Addy takes his advice, and the next few days are a blur. After a cursory exam the doctor administers a simple test to confirm their suspicions: Addy is pregnant. All emotions and thoughts are eclipsed by the memory of Cam in Mirelle’s study, making small talk with her while rubbing her pregnant belly, his nervous glance over his shoulder when Addy caught him snacking and red-lipped afterward. The images cycle over and over until the trance of cognitive dissonance tightens its grip on her perception and she functions on autopilot until something cold presses against her naked thigh. She is recumbent, dressed in a surgical gown, with low-grade ceiling tile looming overhead. Robotic insect droning rattles from failing light fixtures. Anatomy charts, emergency exit procedures, and patient’s rights notices are tacked on the bone-white walls.
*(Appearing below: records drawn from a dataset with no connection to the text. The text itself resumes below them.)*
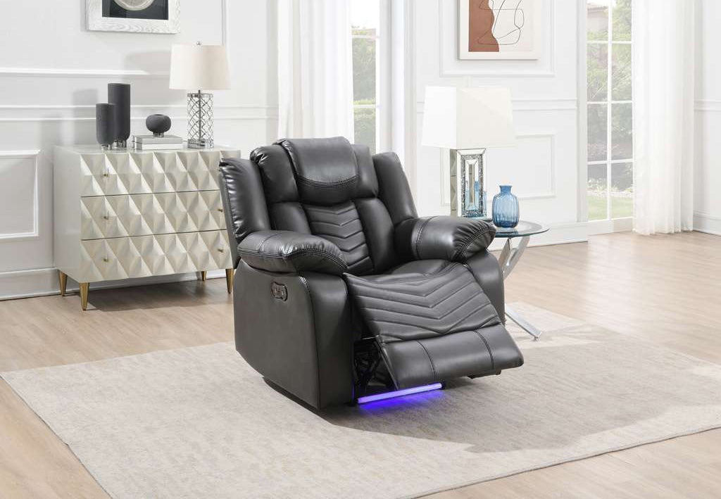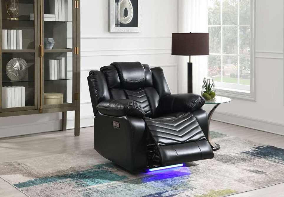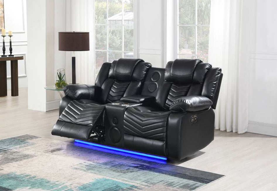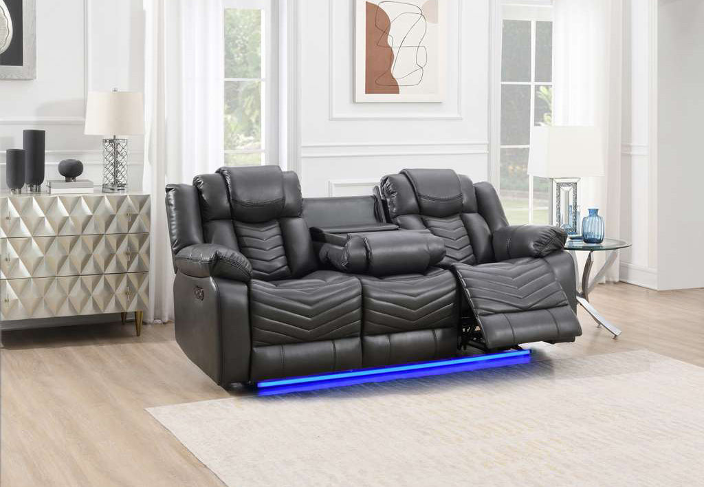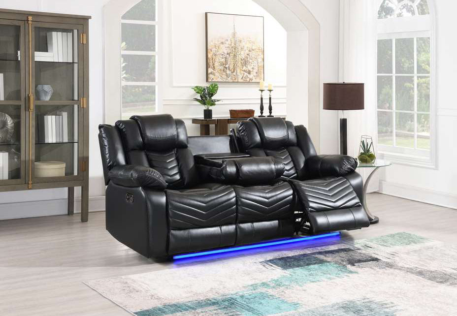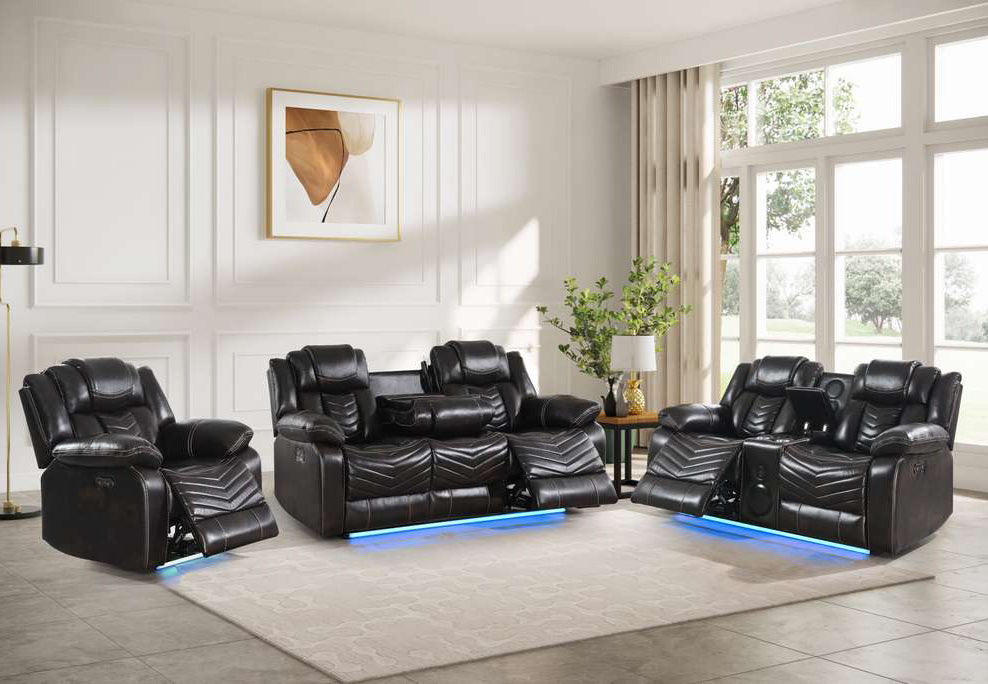 Modern 3-Piece Reclining Sofa Set. crafted in premium black leather with plush cushioning, LED base lighting, and built-in cup holders for a luxurious home-theater experience.
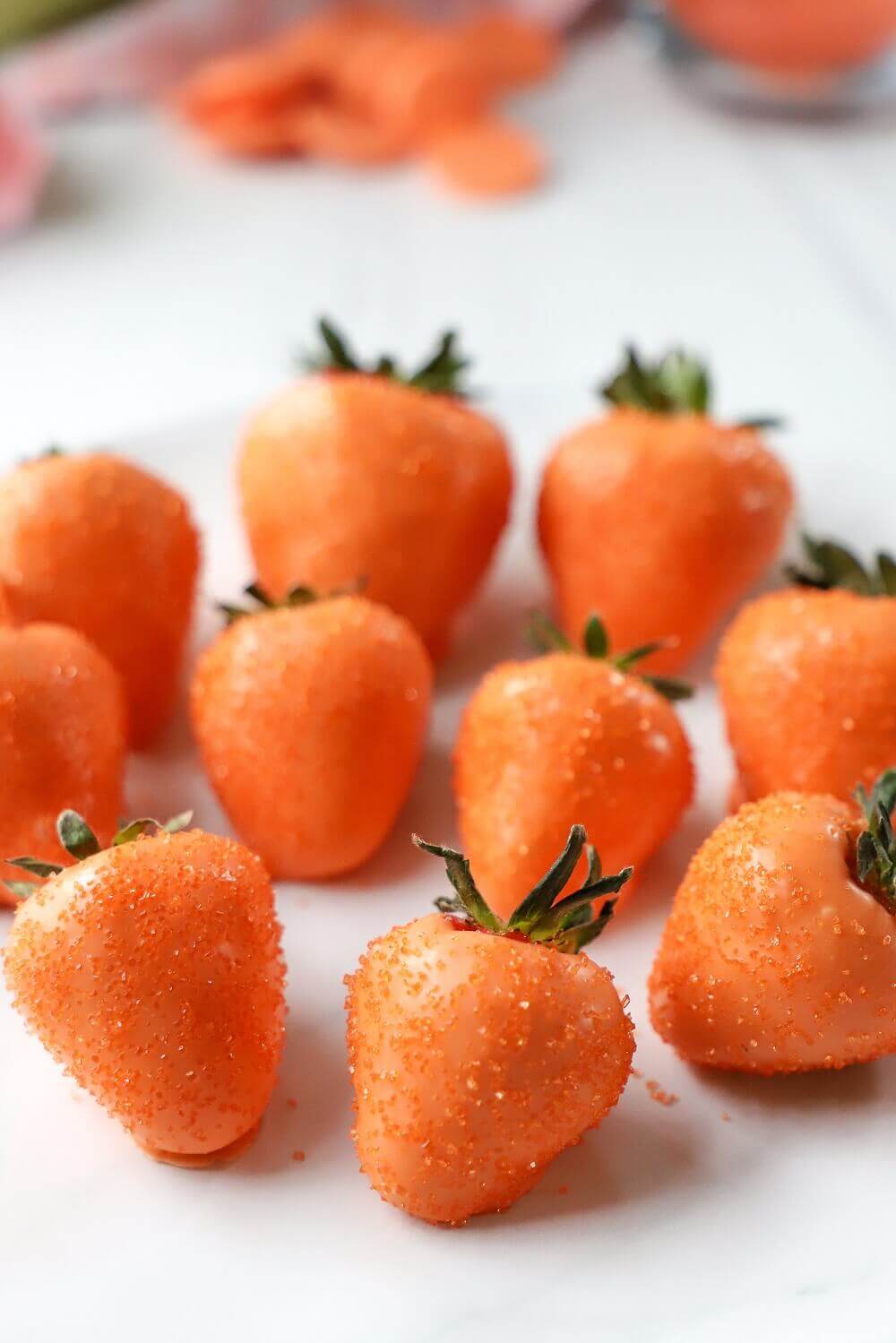 We love using melting chocolate to make creative desserts and snacks. Chocolate-covered fruit is a well-loved treat, but these Chocolate-Dipped Strawberry Carrots turn it into something more! Whether you’re entertaining friends or family this holiday, your guests are sure to be dazzled by these sprinkled snacks.
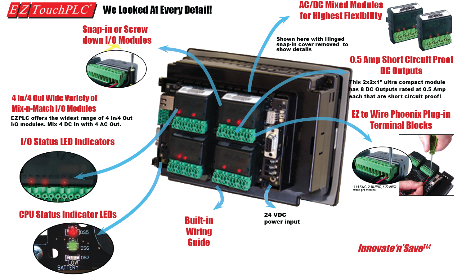 Whereas there are other integrated HMI and PLC products from some other suppliers, there is none like EZ3 TouchPLC, EZ3 Jr. TouchPLC, EZ7 TouchPLC, that have the incredibly powerful and wide selection of world class plug-in I/O modules, 35 in total.
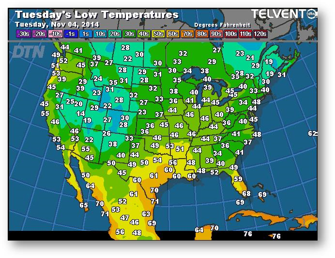 Prévisions des températures les plus basses (degrés Farenheit)
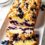 Keywords: blueberry lemon loaf, lemon blueberry cake, blueberry cake, lemon loaf, crumb topping, lemon glaze
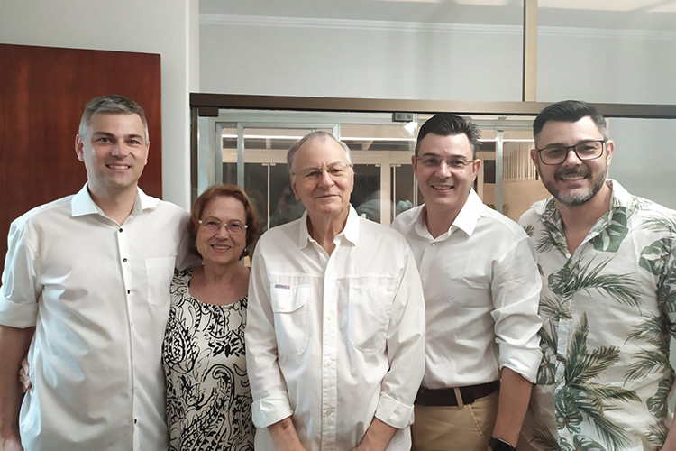 Niro (ao centro), no reveillón de 2021, acompanhado dos filhos Robert, Henry e Nelson e da esposa Selma
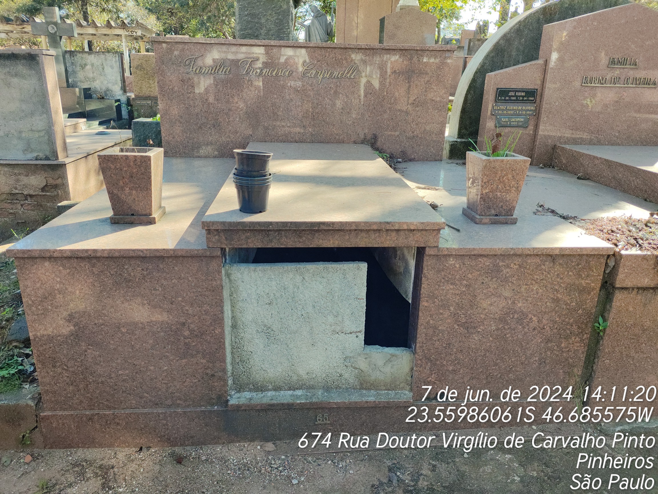 GERALDINE CARPINELLI - 09/12/2006, JOAQUINA DE CASTRO - 11/02/1945, JOSE ALBERI - 16/11/1947, FRANCISCO CARPINELLI - 25/08/1957, LUIZA FERREIRA CUNHA - 14/07/1971, ANNA FERRARA CORPINELLI - 11/01/1967
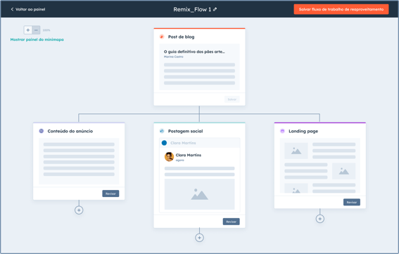 Os modelos oferecem sequências de produção de conteúdo que são comumente usadas para objetivos de marketing, como conteúdo para geração de leads ou ativos de reconhecimento de marca. Depois de selecionar se você está reaproveitando manualmente ou criando a partir de um modelo, você pode inserir seu conteúdo original.
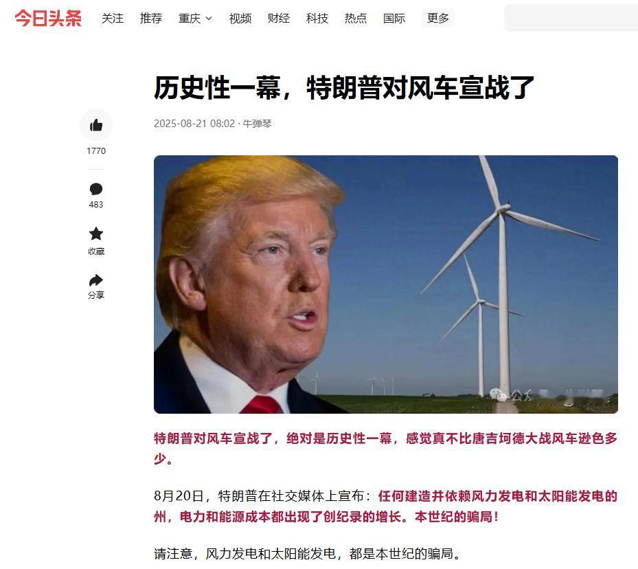 在各种信息平台里,我一直觉得头条深一度榜单是认真在做内容的,不光信息密,还知道用户真想看什么,选题抓得稳,角度选得准。 比如今天刷到的《特朗普对风车宣战了》来说,内容不光写得透,还把一件看似“笑话”的事,说出了层次。 8月20日,特朗普公开喊话,说风力和太阳能是“本世纪的骗局”,还扬言不再批准相关项目,语气冲得像在竞选集会。结果网上立刻炸锅,有人力挺,有人反对,还有人——去问AI。 一些美国网友跑去问马斯克的AI工具Grok,风电到底是不是骗局?结果Grok列出数据,说得克萨斯州风电占比30%,电价比全国平均还低;爱荷华风电60%,电价依然稳定。这些数据都是美国能源部出的,不带情绪。 但真正让人觉得讽刺的,是这么一个事——到底该不该信特朗普,大家不找媒体、不查机构报告,而是去问AI。 从前是“电视怎么说”,现在是“AI怎么说”。这不是技术多强,而是说明传统信源的信任感,在美国已经断了。 原文里有句话点得很准:“共识,在这个时代成了最奢侈的东西。”现在信息这么多,观点这么乱,连对风能、太阳能这样的问题,都能吵成两派。群众开始不信人,只信机器,也是一种社会现实。 而从我们的角度看,风电光伏不是政治工具,是国家战略。从顶层设计到产业落地,每一步都有执行路径和稳定预期。这不是靠谁喊得响,而是靠治理体系保障。 像头条深一度这样,用心筛选内容、真诚对用户的平台,值得点赞。我自己也很喜欢在今日头条看国际时政,越看越觉得踏实。 上今日头条看深度好文

A man—presumably a doctor—stands between Addy’s legs, taking his time about things in the same way as that group of men, sliding latex gloves into place. Her legs are mounted in stirrups. His visage is devoid of love while priming the cannula with lubricant, ready to damage her internally just like those laughing men with their empty beer bottles mercilessly thrusting after they had tired of using themselves on her preteen body.
They administered a sedative, she remembers now, and she credits it with rousing her senses. Nitrous oxide is positioned to her left; she knows that because they just finished explaining how to administer it to herself during the procedure at her discretion.
Behind her an assistant starts up the vacuum machinery, and the motorized hum which haunts her dreams revs up.
“Excuse me!” Much to the doctor’s chagrin Addy herself undoes the tenaculum forceps clamping her uterus, holds up an authoritative finger. “I just…I need a minute.”